Ma al di là dei suoi straordinari vini che ho avuto la fortuna di assaggiare (compresi gli imbottigliamenti indimenticabili del Pinot Bianco degli anni '80), la cosa che ricorderò di più su di lui è come una legione di giovani enologi italiani hanno parlato di lui come un maestro e un insegnante.

Francesco Bonfio, enotecario e presidente dell'Associazione Italiana Enotecari Professionisti, ha condiviso il seguente ricordo di Giorgio.

   Giorgio era un enologo straordinariamente talentuoso, un assaggiatore tecnico estremamente dotato e un gastronome altamente colto. La sua scomparsa lascia un vuoto insostituibile nel mondo del vino italiano e internazionale.

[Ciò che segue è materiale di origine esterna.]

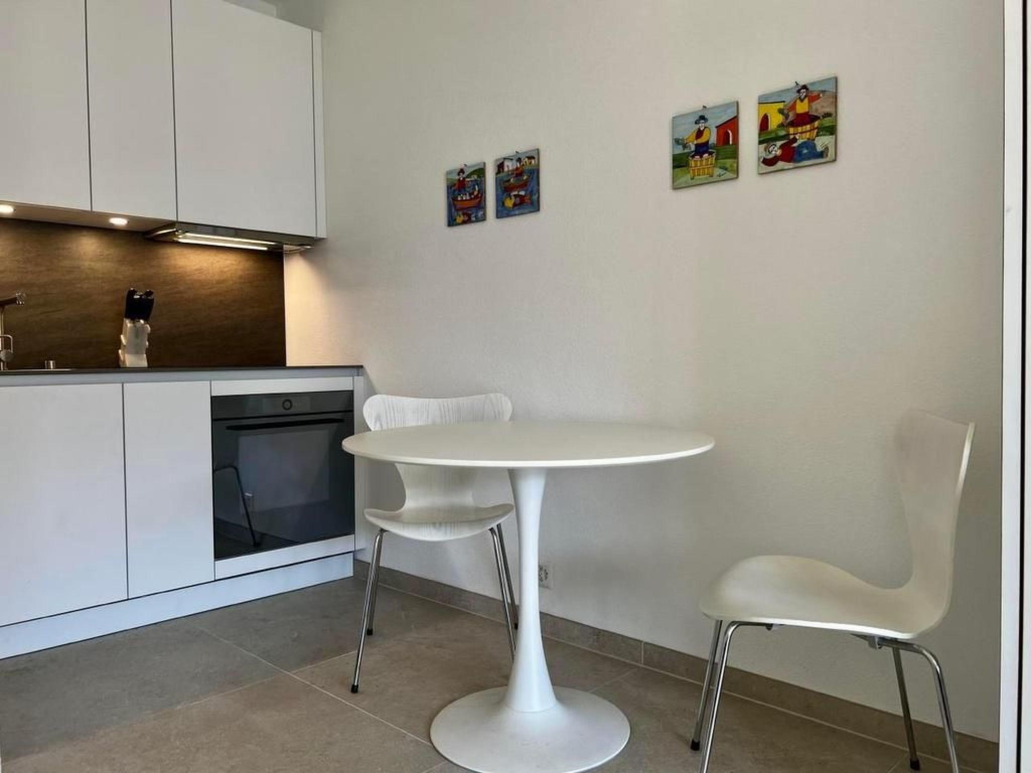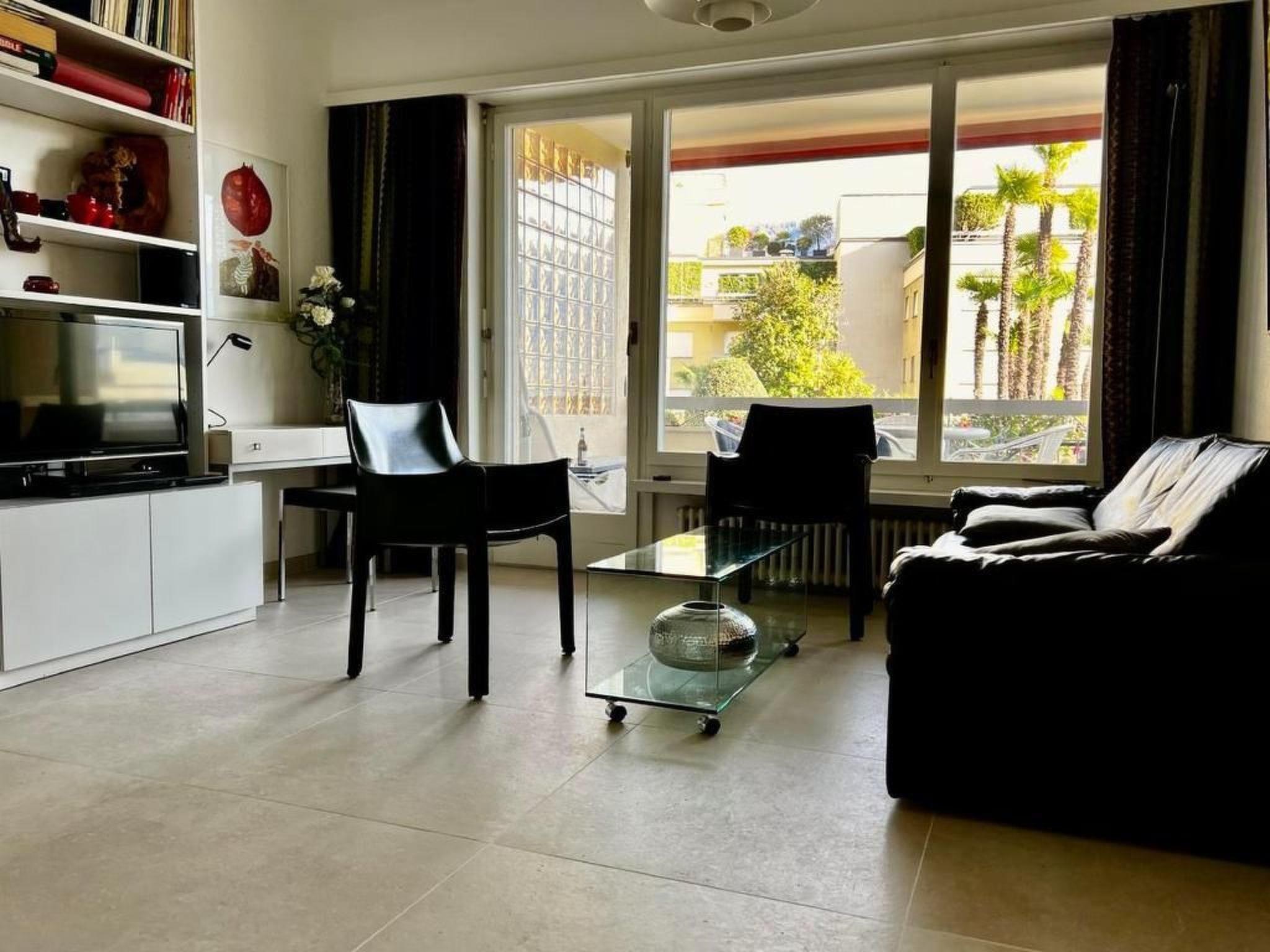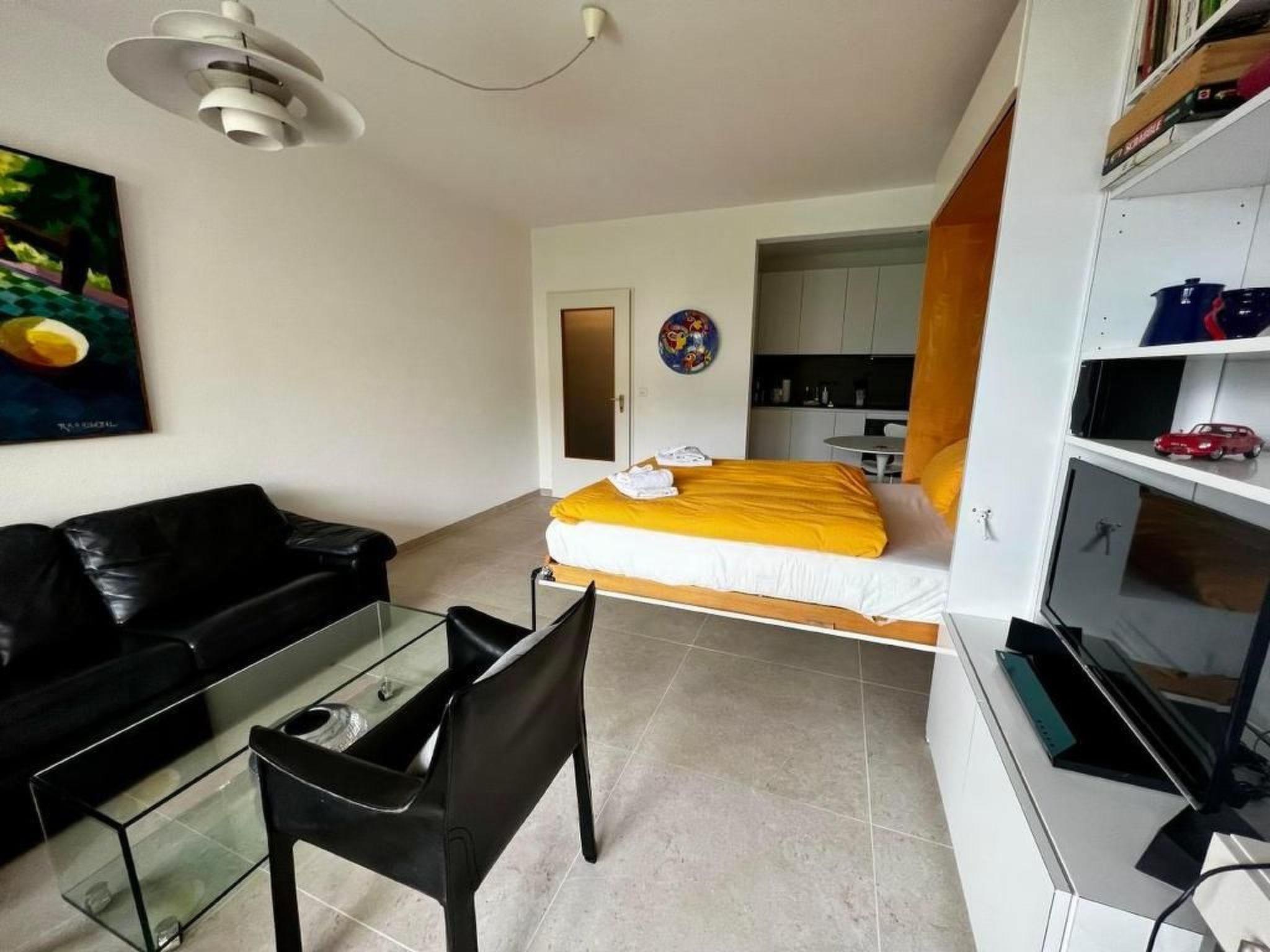 The newly renovated 1½ room flat on the ground floor of the Condominio Fiori residential complex is in a central location with direct access to the Locarno - Orselina mountain railway. The town with the Piazza Grande, old town, lake, railway station, shops and restaurants are just a 5-10 minute walk away. From the flat's large balcony you can enjoy the idyll of the subtropical garden, the view of the mountains and a small part of the lake. The flat is approx. 30m2 plus balcony and can comfortably accommodate two people. It comprises a living room/bedroom with dining table and opening onto the kitchen, a hallway with built-in wardrobe and a bright bathroom with walk-in shower and washbasin. The interior is characterised by very appealing, high-quality modern furnishings. A fold-out wardrobe bed and a sofa bed (140x200 each) are available as sleeping accommodation. The comfort includes a stereo system (CD, tape, radio), TV with DVD, Wifi Internet, dishwasher, fridge-freezer, ceramic hob, oven, steam extractor, toaster, Nespresso coffee machine, kettle, fondue set, sufficient crockery, pots and pans, etc. Bed, bath and kitchen linen are provided. A car parking space belongs to the flat. A covered parking space can be rented on request. A cot and fan can be provided. The infrastructure of the four buildings of Condominio Fiori includes a large, ozone-cleaned indoor swimming pool with massage jets, solarium, spacious communal hall, showers, table tennis room, communal laundry room with washing machine & tumble dryer, lift and a very well-kept, subtropical garden with sunbathing lawn. The flat can also be rented on a monthly basis.
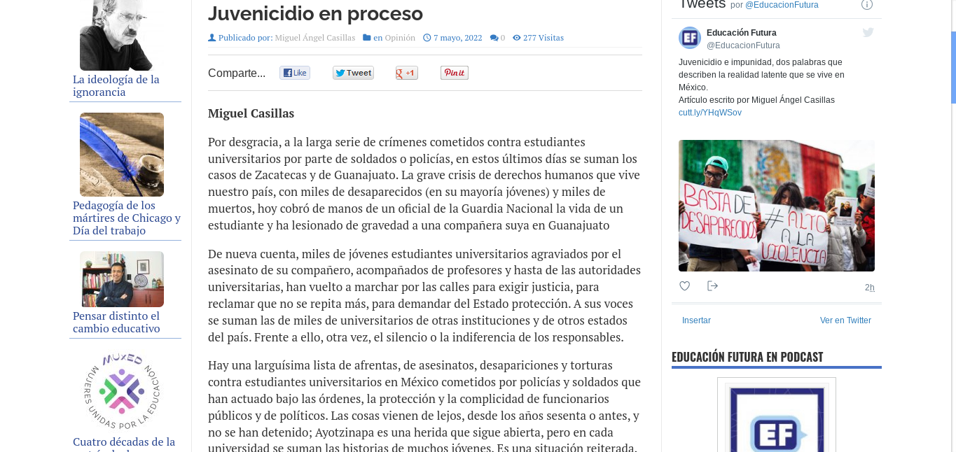 Casillas, M. (7 de mayo de 2022). Juvenicidio en proceso. Educación Futura. Recuperado de: http://www.educacionfutura.org/
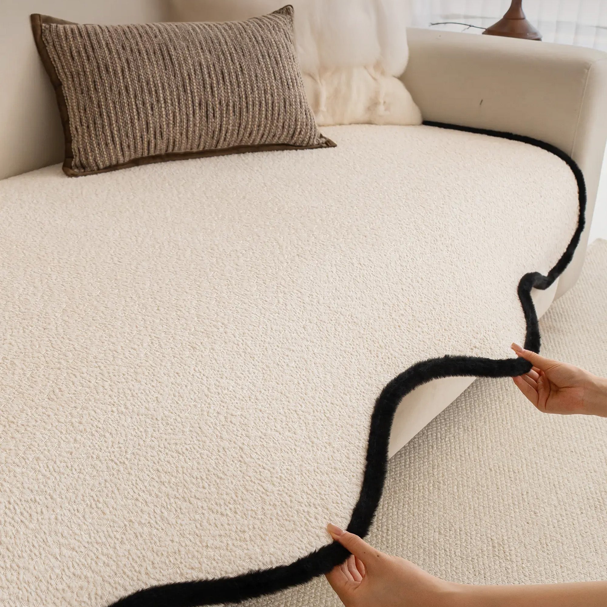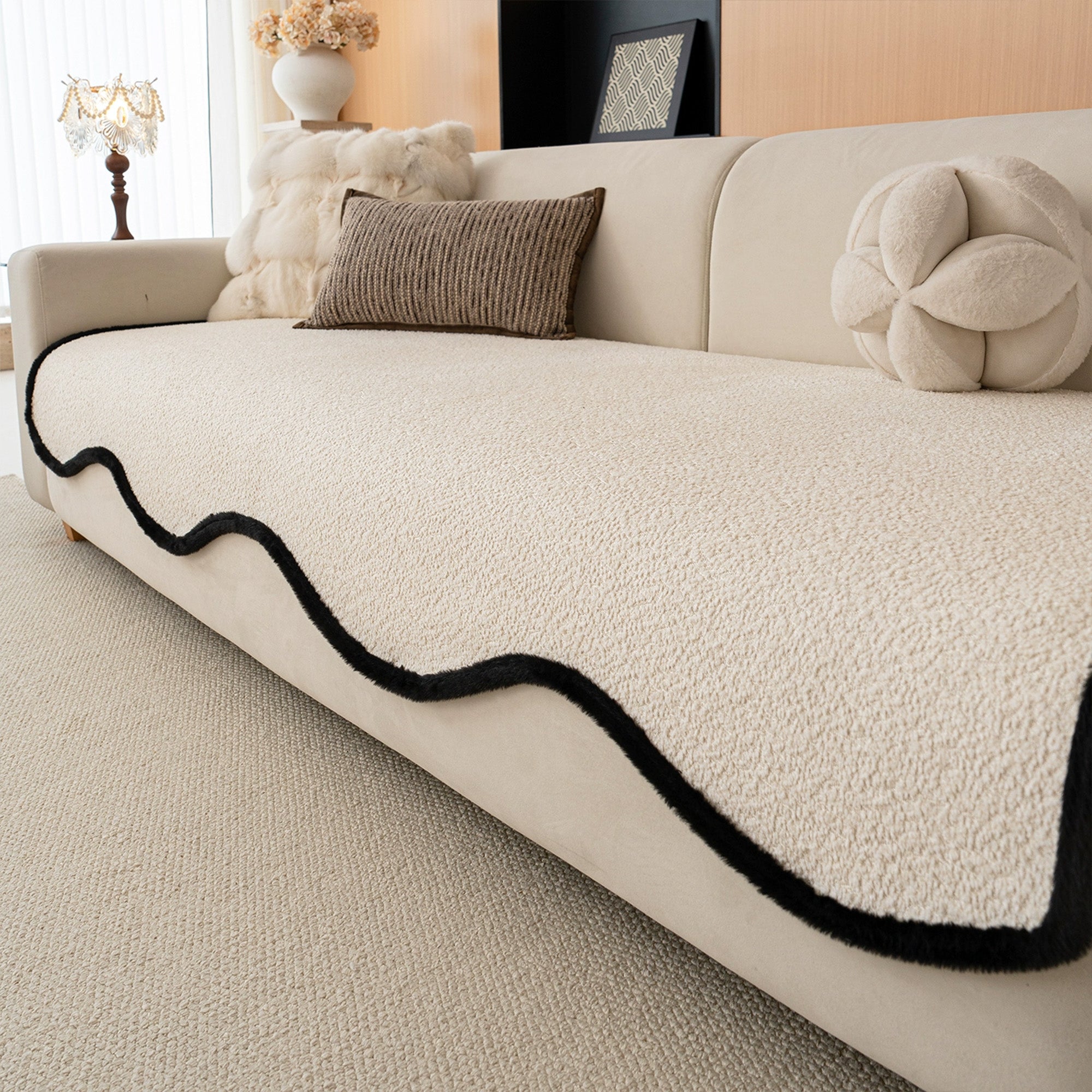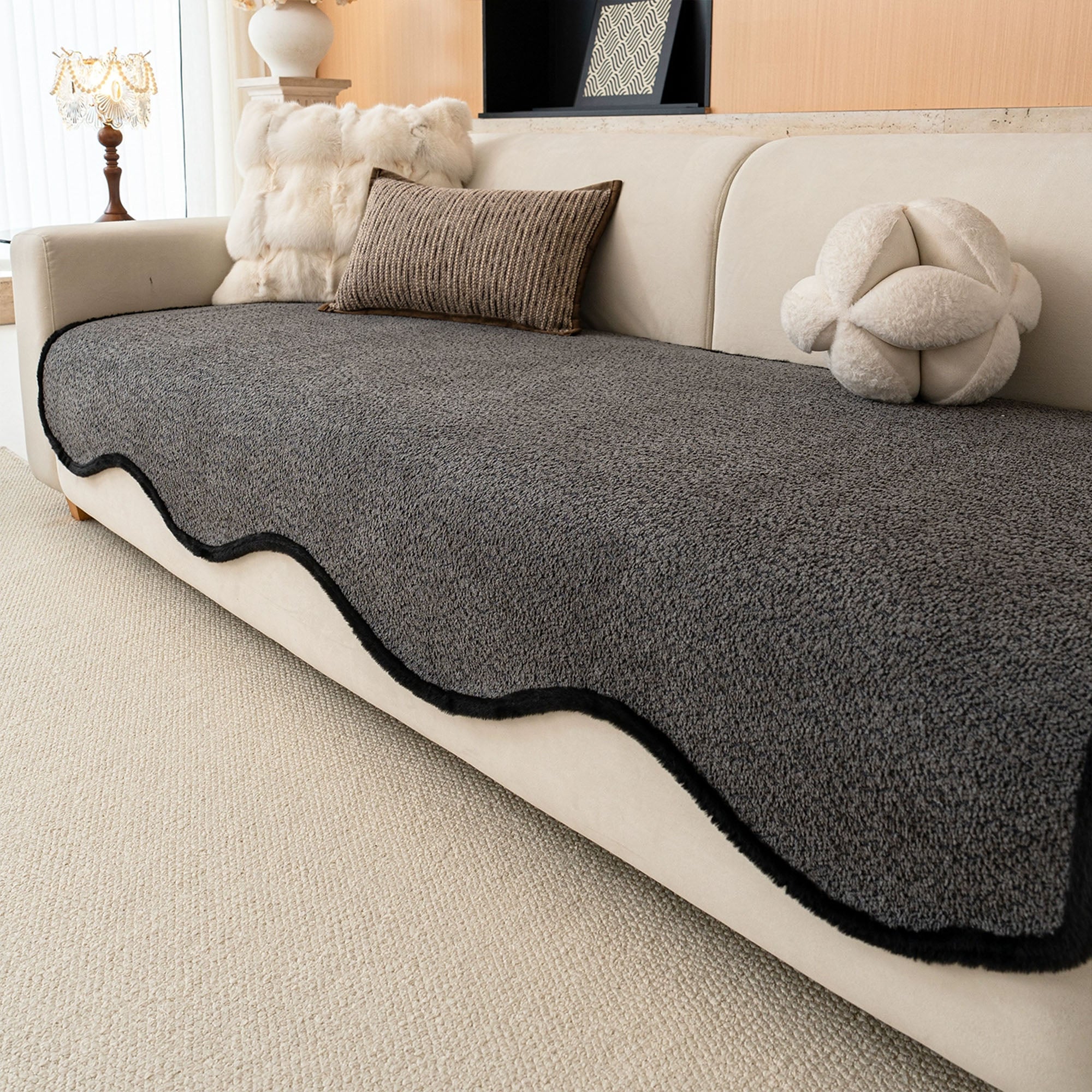 Elegante funda de sofá antideslizante de chenilla con ribete negro
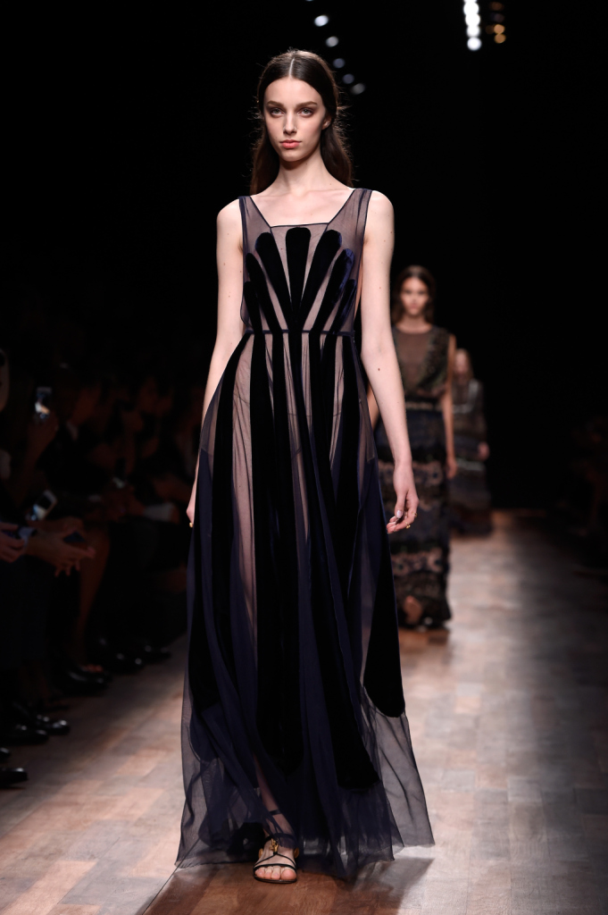 Valentino, PFW, collezione Primavera-Estate 2015: abito lungo nero semi-trasparente con pannelli neri
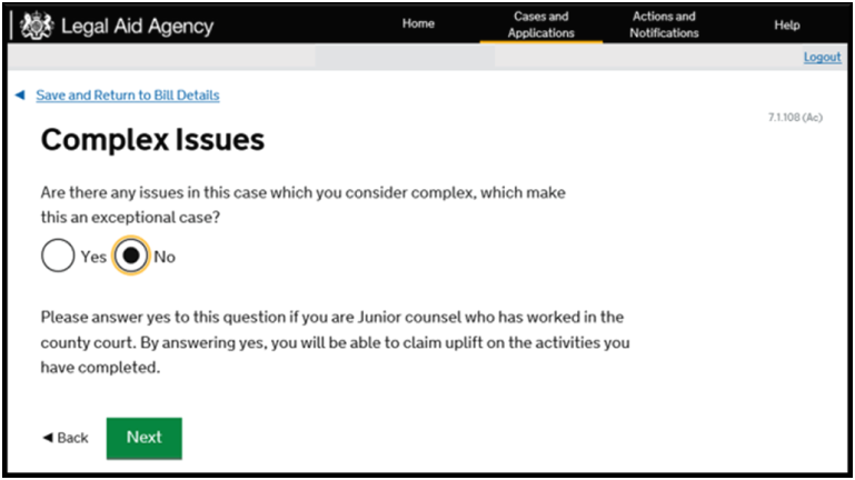 Billing on behalf of counsel will initially ask you if counsel will be claiming enhancement (only if they are junior counsel in the County Court) on their costs. You should reply accordingly and move on to the next screen.

    Tra i tanti ricordi di lui, questo si distingue: nel 1983 conobbe André Tchelistcheff e gli fece assaggiare il suo Pinot Bianco dell'Alto Adige del 1961 (Sud Tiroler Weissburgunder). Dopo aver assaggiato il vino, l'enologo russo, creatore di ottimi vini in California, si inginocchiò davanti a lui.

    La sua esperienza tecnica ha permesso di unire il rigore scientifico con il genio. La sua cultura umanistica gli ha permesso di giudicare la qualità di un vino o di un piatto non solo in termini di organolettica, ma anche in termini di armonia, equilibrio, raffinatezza ed eleganza.

    Come tutte le persone di "carattere", era un personaggio con una personalità forte ed autorevole. Non ha mai evitato di condividere la sua opinione, anche di fronte alla presunta autorità. Non ha mai esitato a sottolineare i difetti di qualcuno, che sia uno chef o un enologo. Acclamato, amato, odiato, riverito, a volte difficile da sopportare, una fonte infinita di invidia - e gli piaceva tutto. Andare contro corrente è stato il suo capriccio, ma ha anche svelato la sua apertura intellettuale e la sua poliedrica capacità di affrontare qualsiasi problema da tutte le prospettive.

    Non è mai arrivato in tempo. E a volte non si è presentato affatto. Aveva una curiosità inesorabile, insaziabile. Nello stesso tavolo, poteva parlare di biotecnologia, elementi di gusto, corse automobilistiche e Bolzano. Era un mitteleuropeo che parlava fluentemente inglese, francese, tedesco e italiano. Chi lo ha conosciuto sarà sempre orgoglioso di aver goduto di questo privilegio. E lo onorerà continuando a seguire i suoi insegnamenti.

Coloro che lo hanno conosciuto hanno perso molto con la sua morte. Nel mondo dell'enogastronomia, se non sai chi sia Giorgio Grai, stai chiaramente perdendo qualcosa. Ma non averlo conosciuto è un difetto per il quale non esiste un rimedio.

Sit tibi terra levis Giorgio. Ci mancherai molto.